Zwracałem uwagę na to wielokrotnie i będę powtarzał dalej: ponieważ sadownicy nie są uczestnikami rynku jabłek a więc zmiany cen produktu gotowego nie muszą mieć realnego przełożenia na zmiany cen surowca (jabłka w skrzyniach) oferowanego przez sadowników. Właśnie teraz – jak na dłoni – to widać. Czy trzeba jeszcze więcej dowodów? Model rynku, w którym sadownicy zajmują się tylko produkowaniem jabłek a inni organizują handel nimi, wyczerpał swoje możliwości rozwoju. Dziś zarabia ten producent, który jest w stanie sam znaleźć sobie odbiorcę, spakować swój produkt i go sprzedać. Cały czas doświadczamy też ciągłych narzekań sadowników, że nikt im nie chce płacić za poprawę jakości produkowanych przez nich owoców, więc w tę jakość nie widzą sensu inwestować. To jest kolejny aspekt tego samego problemu: ci, którzy znaleźli odbiorców i widzą co i za ile się sprzedaje, to nawet nie myślą o kwestionowaniu konieczności podnoszenia jakości jabłek, bo na tym zarabiają i widzą jak dużo tracą gdy muszą z sortowanej partii odrzucać zbyt wiele owoców. Osobiście nie widzę innej możliwości przetrwania gospodarstw sadowniczych niż znalezienie sobie jakiegoś miejsca na tym rynku i klientów na swój towar. Naprawdę przyjemnie mi się patrzy na sadowników, którzy właśnie ładują Goldena na jakąś Hiszpanię czy Francję i biorą za to prawie 3 złote (cena jabłek w opakowaniu). Im nawet do głowy nie przyjdzie kwestionowanie potrzeby produkowania tych owoców od 70 mm. Z drugiej strony są ludzie, którzy jak mantrę powtarzają, że "jest masa, jest kasa", bo sprzedając swoje jabłka na sortowanie i dostając za nie naprawdę relatywnie niewielkie pieniądze, jedyną możliwość uzyskania większych zysków na produkcji owoców widzą w zwiększaniu tonażu.
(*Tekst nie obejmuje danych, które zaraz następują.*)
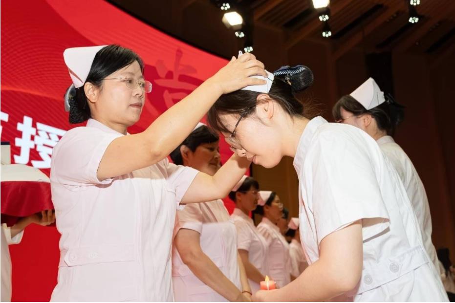 授帽仪式的核心环节庄重而神圣。绍兴文理学院附属医院 2024 年十佳员工、护士长邢冬和陶晓红老师缓步走到学生们面前,她们手中高举着象征着南丁格尔精神的红色蜡烛,她们将这神圣的火焰依次传给学生们,点亮了现场所有护生手中的蜡烛。烛光在学子们手中传递,也在他们心中蔓延,照亮了他们未来的护理之路。
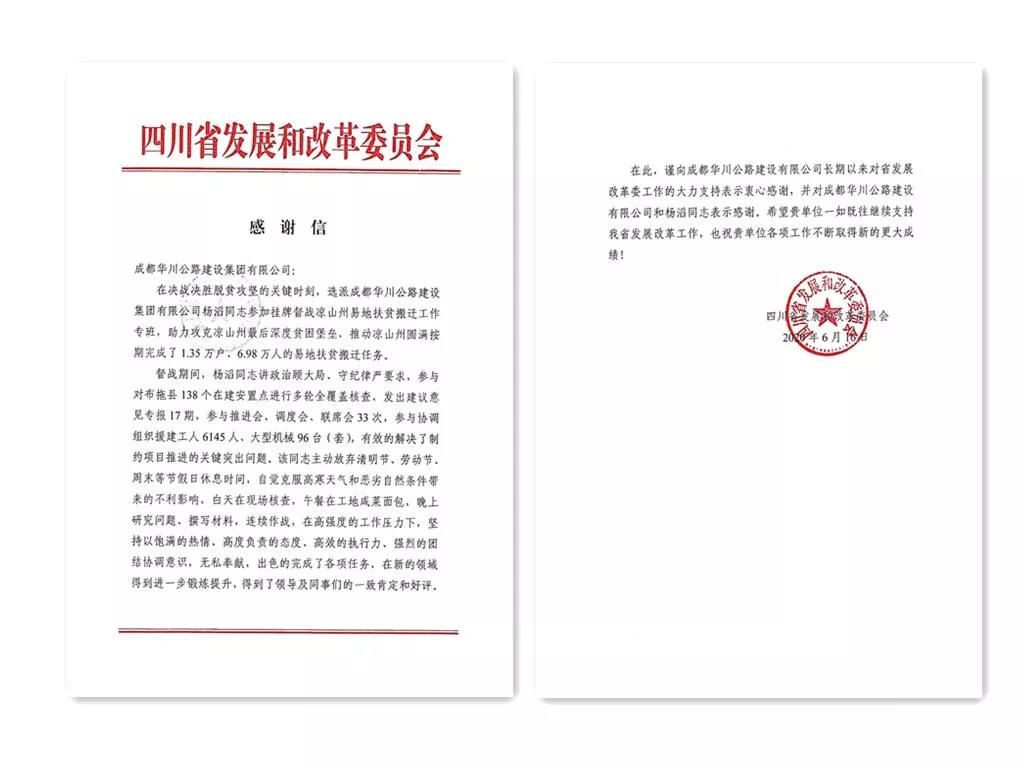 助力涼山州易地扶貧搬遷 再現(xiàn)華川人嚴格律己品質(zhì)——華川集團獲致四川省發(fā)展和改革委員會感謝信

Rozumiem, że wielu to może boleć, bo nie poradzą sobie z samodzielną sprzedażą do Hiszpanii czy na Białoruś. Jednak patrząc na uzyskiwane ceny przez jednych i drugich a przede wszystkim patrząc na uzyskiwane zyski na kilogramie, w relacji do ponoszonych podobnych przecież kosztów, to ci drudzy stoją na straconej pozycji. Aktualna sytuacja rynkowa, tylko to potwierdza, kto oferuje produkt gotowy, ten cieszy się z dużego popytu i niezłych cen, kto dalej oferuje tylko jabłka w skrzyniach, ten utyskuje na niskie ceny i wyniki sortowania.
Komentarze
No i dokładnie tak jest. Podnieść cenę nawet za ekstra towar o bardzo dobrych parametrach to jest taki ból i takie chamstwo nie raz wychodzi ze strony kupujących, normalnie pogarda dla sadowników, że chcą coś lepiej jak proponuje ogół.